Christian Stephen Yelich (born December 5, 1991) is an American professional baseball left fielder for the Milwaukee Brewers of Major League Baseball (MLB). He previously played for the Miami Marlins.

The Marlins selected Yelich in the first round of the 2010 MLB draft. He made his MLB debut for the Marlins in 2013, and was traded to the Brewers in the 2017-18 offseason. Yelich won a Gold Glove Award in 2014, the Silver Slugger Award in 2016, 2018 and 2019, and the National League's Most Valuable Player Award in 2018.

Career

Amateur career
Yelich was born in Thousand Oaks, California, and attended Westlake High School. During his freshman year, he batted .373 with 25 hits and 16 strikeouts in 67 at bats.  In his sophomore year, he batted .341 with 31 hits and 24 strikeouts in 91 at bats. During Yelich's junior year, he batted .489 with 46 hits and struck out 6 times. In his senior year, he batted .451 with 37 hits, nine strikeouts and nine home runs in 82 at bats.  He was named Second Team All-American by Max Preps and was ranked 34 among the top 100 players in the nation in high school.

Yelich accepted a scholarship to play college baseball for the Miami Hurricanes baseball team.

Professional career

Miami Marlins

The Miami Marlins selected Yelich in the first round, with the 23rd overall selection, in the 2010 MLB draft. Yelich and the Marlins agreed to a $1.7 million signing bonus on August 17, shortly before the deadline to sign 2010 draftees was about to pass. Yelich played for the Gulf Coast League Marlins for six games, getting nine hits and seven strikeouts with a batting average of .375 before being advanced to Class-A. He played in six games for the Greensboro Grasshoppers in 2010, batting .348. In 2011, he batted .261 with 43 hits, six strikeouts and four home runs. Yelich was named the Marlins' Minor League Player of the Year in both 2011 and 2012.

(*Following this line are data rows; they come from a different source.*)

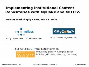 with MyCoRe and MILESS 3rd OAI Workshop _at_ CERN,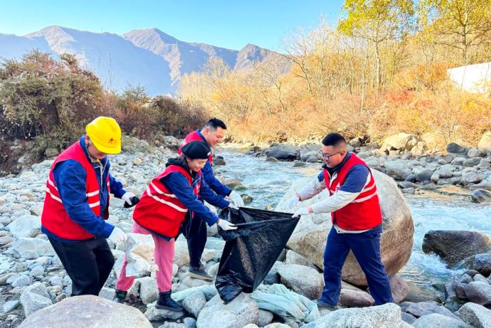 志愿者們在索朗溝積極開展垃圾清理工作,并為周邊群眾發(fā)放安全知識手冊,耐心講解用電安全及防災減災常識,用實際行動傳遞了水電人的愛心。
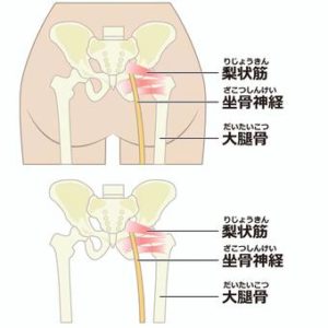 腰から太ももにかけて伸びている「坐骨神経」という神経は骨盤内にある「梨状筋」という筋肉の下を通過します。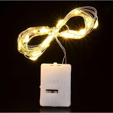 10 ledet tartalmazó rézdrótos ledszál. A gombelemet tartalmazza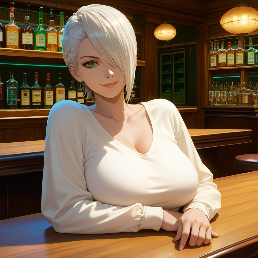 支持词:白发,短发,头发遮住一只眼睛,绿眼睛,

On July 23, 2013, the Marlins promoted Yelich to the MLB from the Double-A Jacksonville Suns.

In the 2014 season, Yelich batted .284 with 31 steals out of the leadoff spot for the Miami Marlins. He also won a Gold Glove Award in left field, becoming the franchise's youngest ever player and first outfielder to win the award. During the season, Yelich set a franchise record for fielding percentage in left field, at .996. He served as the final out of Jordan Zimmermann's no-hitter on September 28, 2014, when Steven Souza Jr. made a diving play to save the no-hitter.

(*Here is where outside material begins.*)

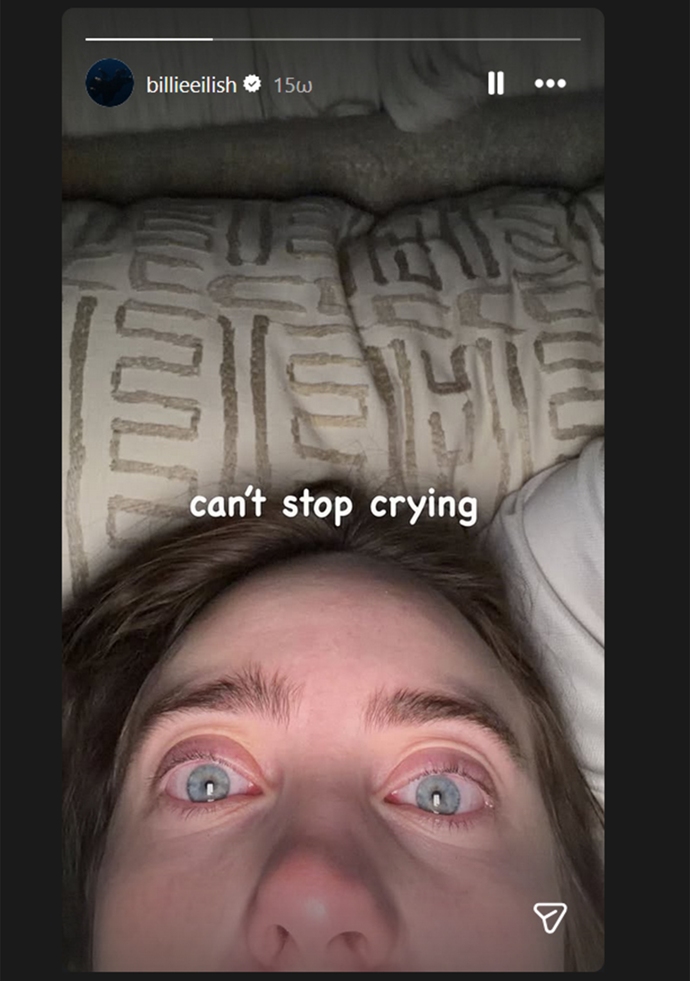 Μετά τη συγκινητική στιγμή, η Μπίλι Άιλις δημοσίευσε στο Instagram μια κοντινή selfie, γράφοντας ότι «δεν μπορώ να σταματήσω να κλαίω».

Yelich and the Marlins finalized a seven-year, $49.57 million contract extension on March 22, 2015. He struggled to start the season, and was placed on the disabled list in April with lower back strain before making his return on May 8. His batting average reached a season low of .178 on May 22. In August, Yelich bruised his right knee and was again placed on the disabled list. Yelich had improved from his earlier offensive struggles and was hitting .275/.343/.376 with six home runs, 29 RBIs and 14 stolen bases up to that point in the season. Despite aggravating the injury shortly after his return, Yelich remained an active player for the quality of his bat. Near the end of the season, Yelich shared the field with Marcell Ozuna, the outfielder who had replaced him during his second stint on the disabled list. Yelich closed the 2015 season with a .300 average. For the season, he had the highest ground ball percentage (62.5%), and the lowest fly ball percentage (15.0%), of all major league hitters.

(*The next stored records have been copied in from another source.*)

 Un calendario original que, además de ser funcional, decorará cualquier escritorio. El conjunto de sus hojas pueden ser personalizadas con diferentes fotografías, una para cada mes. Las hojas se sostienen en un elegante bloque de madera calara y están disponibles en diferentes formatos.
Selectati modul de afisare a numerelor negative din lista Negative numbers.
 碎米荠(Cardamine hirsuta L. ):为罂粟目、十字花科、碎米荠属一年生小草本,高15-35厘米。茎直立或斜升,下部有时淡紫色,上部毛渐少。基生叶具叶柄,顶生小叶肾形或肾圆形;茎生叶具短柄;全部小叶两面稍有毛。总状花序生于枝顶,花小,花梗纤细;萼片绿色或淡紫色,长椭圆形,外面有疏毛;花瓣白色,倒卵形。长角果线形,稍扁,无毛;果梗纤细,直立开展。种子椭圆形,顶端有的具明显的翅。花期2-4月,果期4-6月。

Yelich was projected to bat third to start 2016. He hit well in that spot, and managed to increase his power output. On April 23, in a game against the San Francisco Giants, Yelich hit three doubles, which tied a franchise record. Defensively, Yelich was a starting outfielder, alongside Ozuna and Giancarlo Stanton. In late May, Yelich missed some time due to back spasms. After Stanton was placed on the disabled list, Ozuna played Stanton's usual position in right field, while Yelich took Ozuna's spot in center on days that backup outfielder Ichiro Suzuki was unavailable.

Milwaukee Brewers
On January 25, 2018, the Marlins traded Yelich to the Milwaukee Brewers for Lewis Brinson, Isan Díaz, Monte Harrison, and Jordan Yamamoto. Yelich was named to the 2018 MLB All-Star Game after batting .285 with 11 home runs, 36 RBIs, and 11 stolen bases. Yelich, a reserve for the National League, replaced Matt Kemp in left field and went 1-for-3, hitting a solo home run in an 8–6 extra-inning loss to the American League. On August 29, Yelich hit for the cycle against the Cincinnati Reds, collecting a total of six hits in the game. On September 2, Yelich hit his first career grand slam, in a game against the Washington Nationals. On September 17, Yelich hit for the cycle, also against the Cincinnati Reds, for the second time in 19 days, becoming the fifth player in MLB history to hit two cycles in the same season and the first player in MLB history to do so against the same team.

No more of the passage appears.